About the Book:
Burra District Hospital’s maternity unit is under threat and will close for births unless a new obstetrician can be found. Midwife Noni Frost needs a miracle.
A single mum, Noni lives with her young son, Harley, and her Aunt Win, a free spirit and the beating heart of Burra Guest House. Noni’s world is disrupted when Iain McCloud and his pregnant teenage daughter Jacinta move into the guesthouse to await the birth of her baby.
There’s instant chemistry between Iain and Noni, although he has no plans to stay on in town. But when Jacinta shares explosive family secrets with Noni and an unexpected crisis occurs, everyone’s lives come crashing down around them.
Set among the white gum trees and flowing waters of the NSW northern rivers, this is a heartfelt and dramatic story about new babies, new friends and new loves, which shows that when strong women come together in a time of crisis, they can overcome even the greatest odds.
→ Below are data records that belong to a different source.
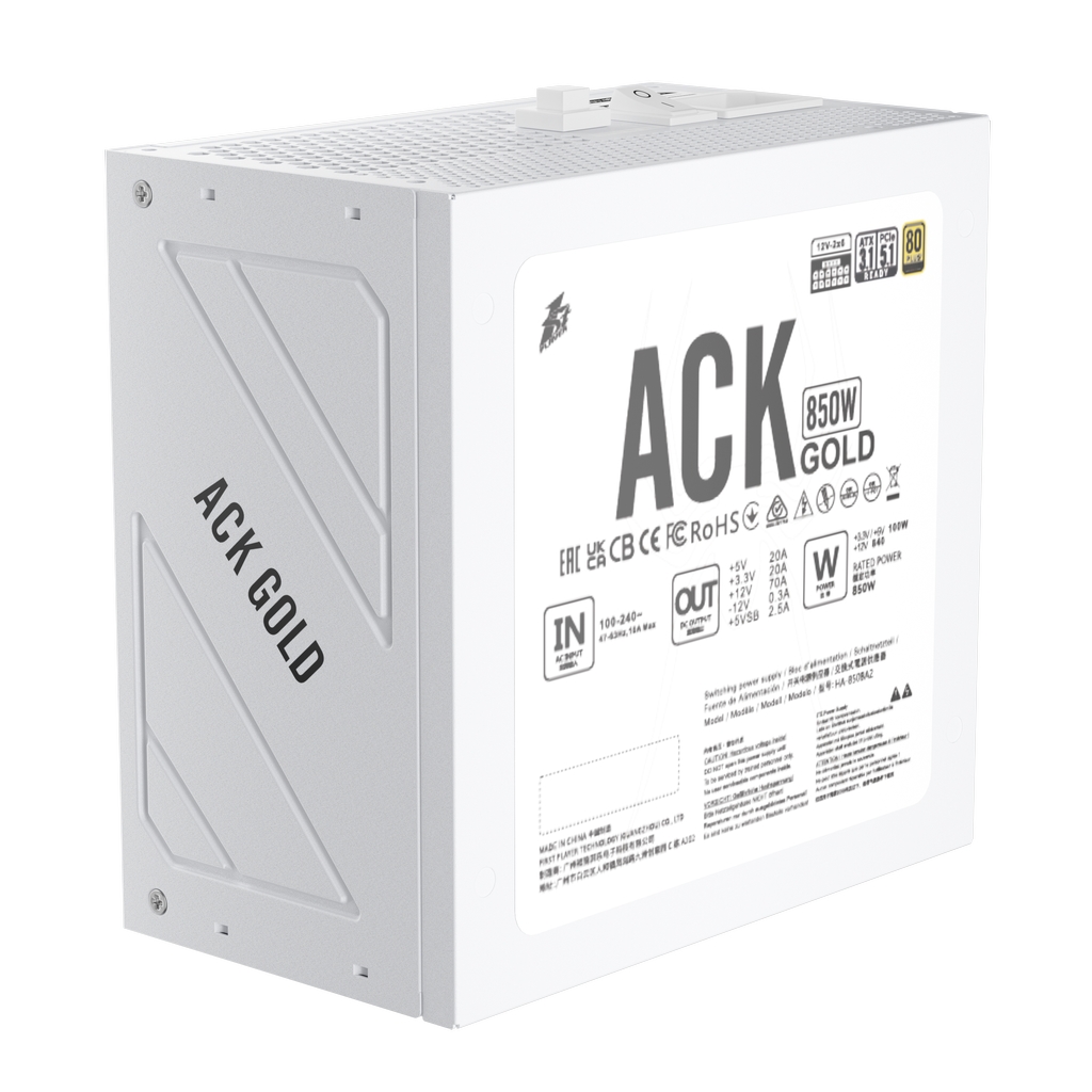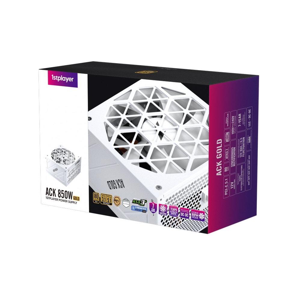 Блок питания 1STPLAYER ACK GOLD 850W White / ATX 3.1, PCle 5.1, APFC, 80 PLUS Gold, LLC+DC-DC, full Teapo caps, 140mm fan, full modular / HA-850BA2-WH
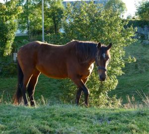 Fredelige sauer som beitet på heimagarden. Litt seinere gikk vi over et gårdstun og der var det en frittgående hest! Jeg ble litt matt, men han var visst mer interessert i gress enn meg!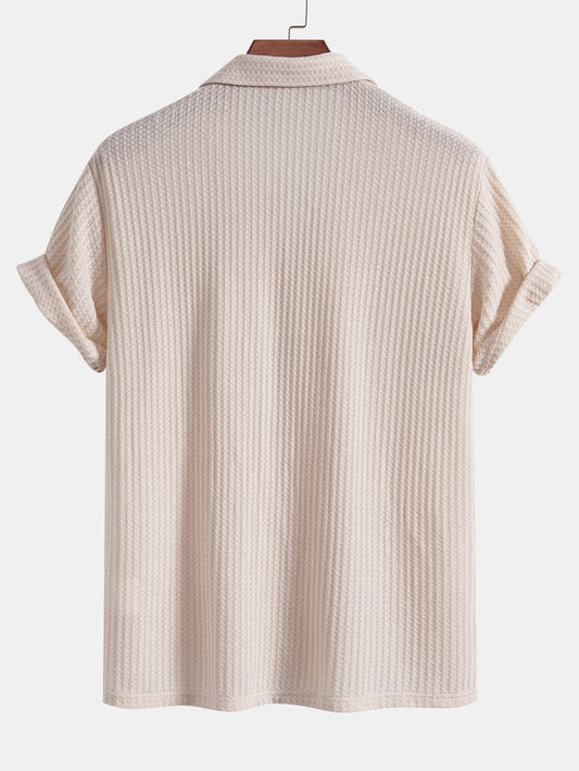 Short Sleeve Textured Cuban Shirt with Geometric Design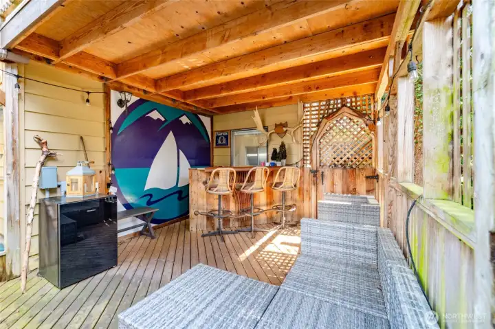 A short, peaceful walk Cottonwood Beach in Birch Bay, this turnkey 4-bed, 2-bath, 2,114 sq ft coastal charmer is ready for its next chapter, with a modern feel while preserving its classic 1928 character. The open floor plan flows around a cozy wood-burning fireplace, with skylights and French doors showcasing the space with natural light. Multiple decks, a private patio, and a custom outdoor bar area make entertaining effortless. Four spacious bedrooms, two full baths, and an open, spacious kitchen means there's room for everyone. Perfect as a primary residence or vacation rental — beach life starts here!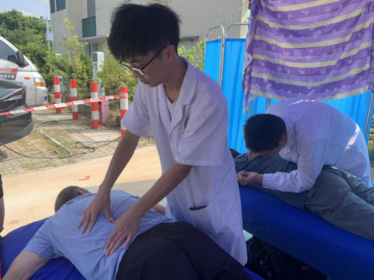 活動現場,醫(yī)療團隊以飽滿的熱情與專業(yè)的態(tài)度投入服務,迅速搭建起健康咨詢與理療服務專區(qū),吸引了眾多鄉(xiāng)鎮(zhèn)居民前來參與。潘菽弢博士憑借深厚的中醫(yī)理論功底與豐富的臨床經驗,為居民們提供一對一健康咨詢服務。與此同時,我院中醫(yī)藥應用研究所講師團與黨建小組的志愿者同學們充分發(fā)揮專業(yè)所長,為居民提供專業(yè)的推拿理療服務。面對患有頸肩腰腿痛的居民,志愿者們運用嫻熟的推拿手法,精準緩解肌肉緊張與疼痛,在服務過程中還向居民講解日常護腰、護頸的小技巧,幫助居民掌握自我保健方法。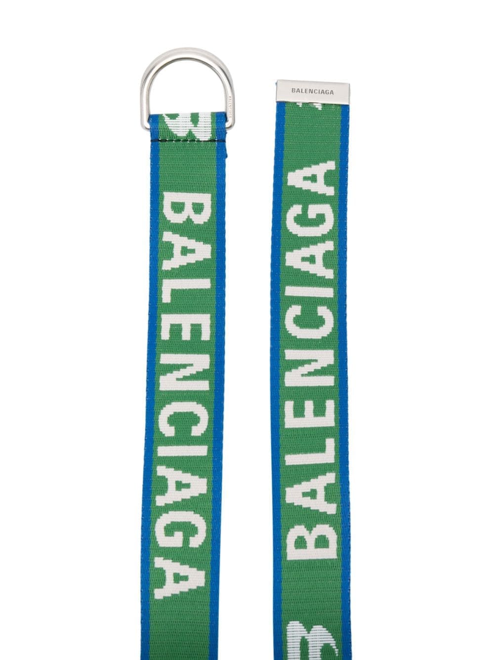 Embellished with a logo jacquard motif across its length, this belt from Balenciaga is made in Italy from durable cotton. Finished with silver-tone hardware, it fastens with a D-ring buckle reminiscent of the brand's utilitarian take on accessories.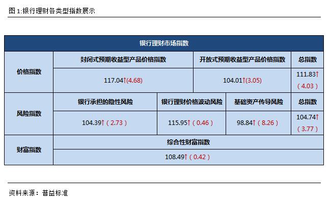 全国银行理财风险指数是由目标银行承担的隐形风险、价格波动风险以及投资于基础资产传递风险三类风险加权所得,主要反映了银行理财市场的整体风险状况。该指数越大说明对应市场的风险也越高,反之则风险越低。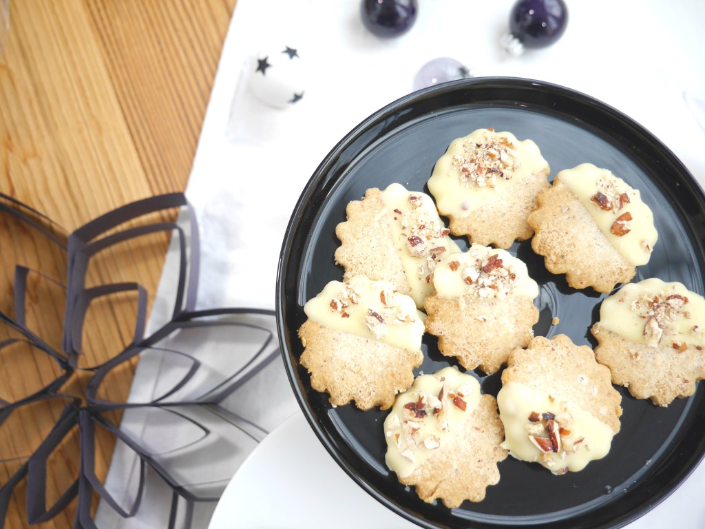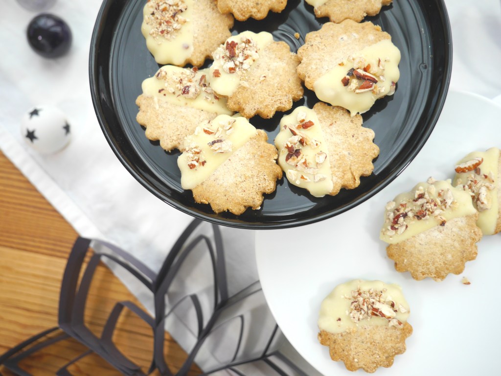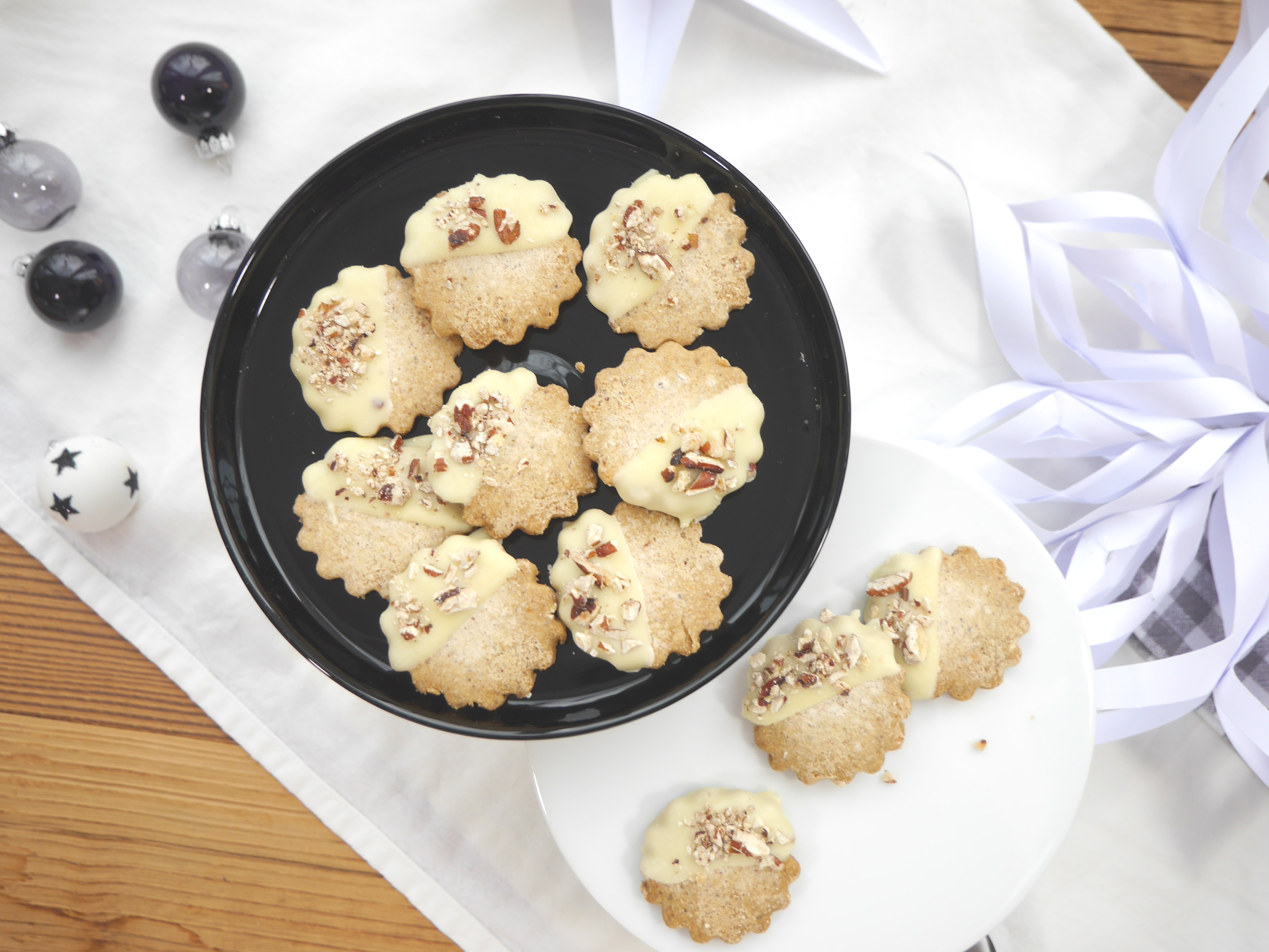 2. Für die Deko die Schokolade im Wasserbad schmelzen. Die Pecannüsse in einer Pfanne leicht anrösten und grob hacken. Abschließend jedes Plätzchen in die Schokolade tunken und mit den Nüssen bestreuen.
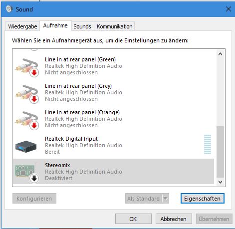 Ich habe in "Sound" alles deaktiviert, außer die Ausgabe und Eingabe meiner Soundkarte, doch es brachte nichts. (Besonders der "Stereomix" ist auf komplett leise und deaktiviert).

What an enjoyable read this was! Mother’s Day ticks all the boxes: great setting, engaging characters, involving plot, a nice romance, great family feels, both tears and laughter. An excellent gift this Mother’s Day for the mother figure in your life, but make sure you grab a copy for yourself as well!
Noni is a sparky character, full of love and dedication to her job as a midwife in a small country town. I loved Noni’s enthusiasm and I loved her philosophy. There’s such an empowering undertone to the situations raised within this novel. My own experience with midwives was positive, three times over, and while I’ll acknowledge that my birth experiences were as non-complicated as you can get, I still felt like I got off to a good start with my babies in part because of the fantastic midwives who helped me along with it. This novel made me think back on this and also think about friends who have had babies recently, some not so easy or straightforward. I just really like people who empower mothers instead of dictate to them, so Fiona McArthur is up there on my list of favourite people now. I absolutely love this passage which sums up so much about this novel in a nice little nutshell:
“She paused, aware that what she said next was the most important message she could give someone like him who could influence a woman’s life as she gave birth. ‘Can you see now how a woman can absorb so much faith in her own ability to raise her children from her labour? The decisions she’s allowed to make, the respect she’s afforded, and achievement of the birth regardless of how that baby arrives – these experiences are so important as lessons to help in the tough times to come. Raising children is harder than labour. It’s not just about today, you know. You shouldn’t rush to put limitations on a mother unless she asks for help.’”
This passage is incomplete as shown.